:: Data for processing ::
-- -- --
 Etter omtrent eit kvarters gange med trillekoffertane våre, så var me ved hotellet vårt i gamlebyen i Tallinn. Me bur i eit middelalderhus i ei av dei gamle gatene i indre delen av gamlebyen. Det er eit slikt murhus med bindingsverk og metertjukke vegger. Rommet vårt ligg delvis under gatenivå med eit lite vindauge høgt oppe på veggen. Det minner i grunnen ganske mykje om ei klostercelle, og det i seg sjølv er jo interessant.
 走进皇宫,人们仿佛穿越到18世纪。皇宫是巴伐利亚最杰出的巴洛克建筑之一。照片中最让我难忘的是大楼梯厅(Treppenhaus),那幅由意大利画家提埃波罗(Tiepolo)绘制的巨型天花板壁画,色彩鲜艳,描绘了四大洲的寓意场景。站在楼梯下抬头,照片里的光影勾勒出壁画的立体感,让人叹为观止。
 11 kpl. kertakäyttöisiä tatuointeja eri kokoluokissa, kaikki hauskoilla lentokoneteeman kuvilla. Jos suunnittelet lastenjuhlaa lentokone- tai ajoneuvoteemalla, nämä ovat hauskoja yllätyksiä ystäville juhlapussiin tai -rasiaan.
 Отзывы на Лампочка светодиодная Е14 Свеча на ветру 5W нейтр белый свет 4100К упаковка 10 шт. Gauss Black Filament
-- -- --
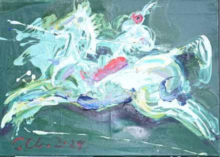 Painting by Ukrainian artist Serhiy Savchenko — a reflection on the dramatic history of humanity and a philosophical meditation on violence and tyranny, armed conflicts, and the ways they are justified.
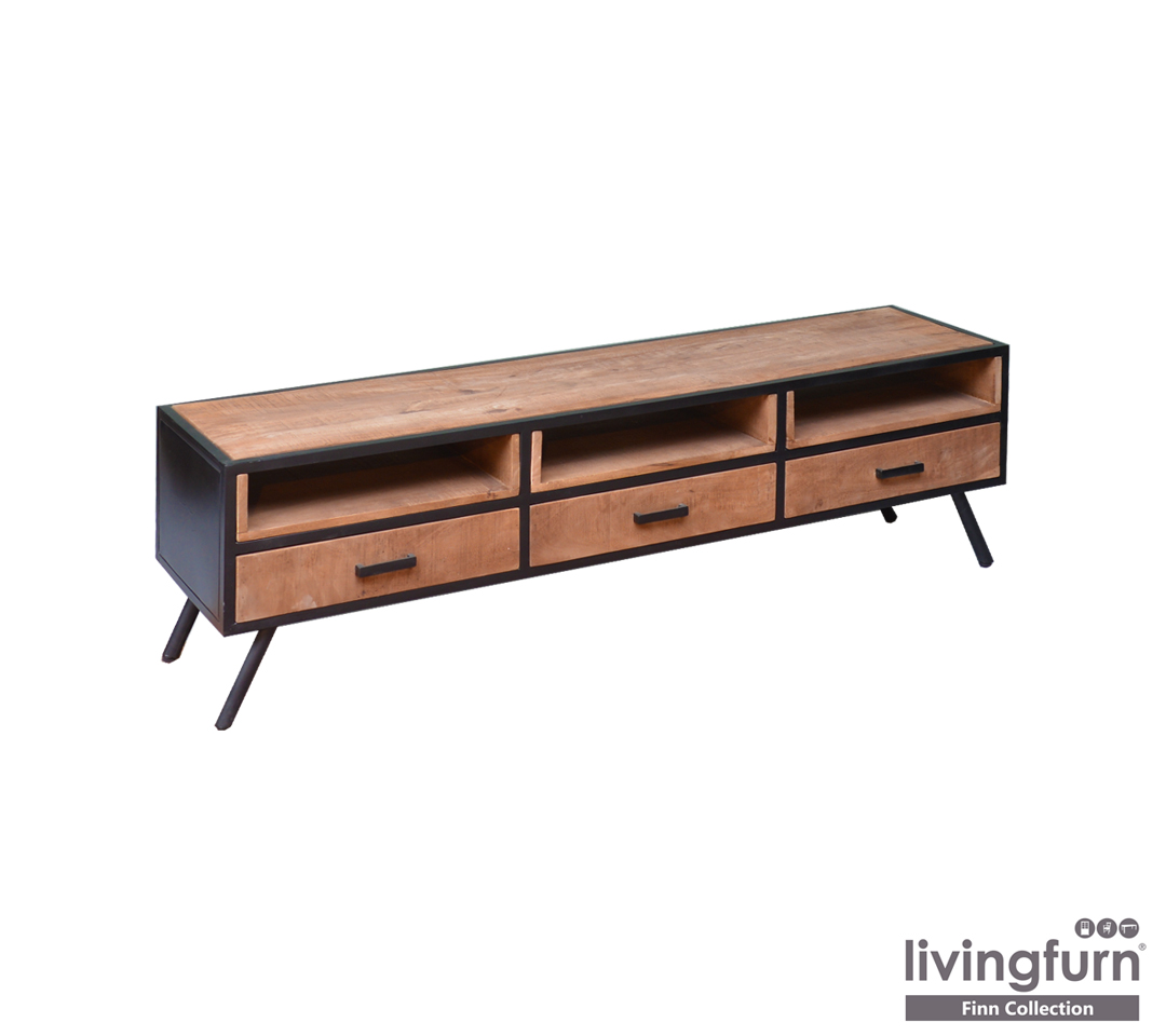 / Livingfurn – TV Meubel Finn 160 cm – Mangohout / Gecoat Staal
-- -- --
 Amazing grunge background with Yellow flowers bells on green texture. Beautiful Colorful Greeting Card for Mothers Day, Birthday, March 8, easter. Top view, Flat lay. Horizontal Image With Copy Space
-- -- --
:: Required work ::
In the listing above, start at the line with "Etter omtrent eit", go on through the line with "Отзывы на Лампочка", and copy each of those lines exactly; leave out all the rest.

:: Answer box ::
 Etter omtrent eit kvarters gange med trillekoffertane våre, så var me ved hotellet vårt i gamlebyen i Tallinn. Me bur i eit middelalderhus i ei av dei gamle gatene i indre delen av gamlebyen. Det er eit slikt murhus med bindingsverk og metertjukke vegger. Rommet vårt ligg delvis under gatenivå med eit lite vindauge høgt oppe på veggen. Det minner i grunnen ganske mykje om ei klostercelle, og det i seg sjølv er jo interessant.
 走进皇宫,人们仿佛穿越到18世纪。皇宫是巴伐利亚最杰出的巴洛克建筑之一。照片中最让我难忘的是大楼梯厅(Treppenhaus),那幅由意大利画家提埃波罗(Tiepolo)绘制的巨型天花板壁画,色彩鲜艳,描绘了四大洲的寓意场景。站在楼梯下抬头,照片里的光影勾勒出壁画的立体感,让人叹为观止。
 11 kpl. kertakäyttöisiä tatuointeja eri kokoluokissa, kaikki hauskoilla lentokoneteeman kuvilla. Jos suunnittelet lastenjuhlaa lentokone- tai ajoneuvoteemalla, nämä ovat hauskoja yllätyksiä ystäville juhlapussiin tai -rasiaan.
 Отзывы на Лампочка светодиодная Е14 Свеча на ветру 5W нейтр белый свет 4100К упаковка 10 шт. Gauss Black Filament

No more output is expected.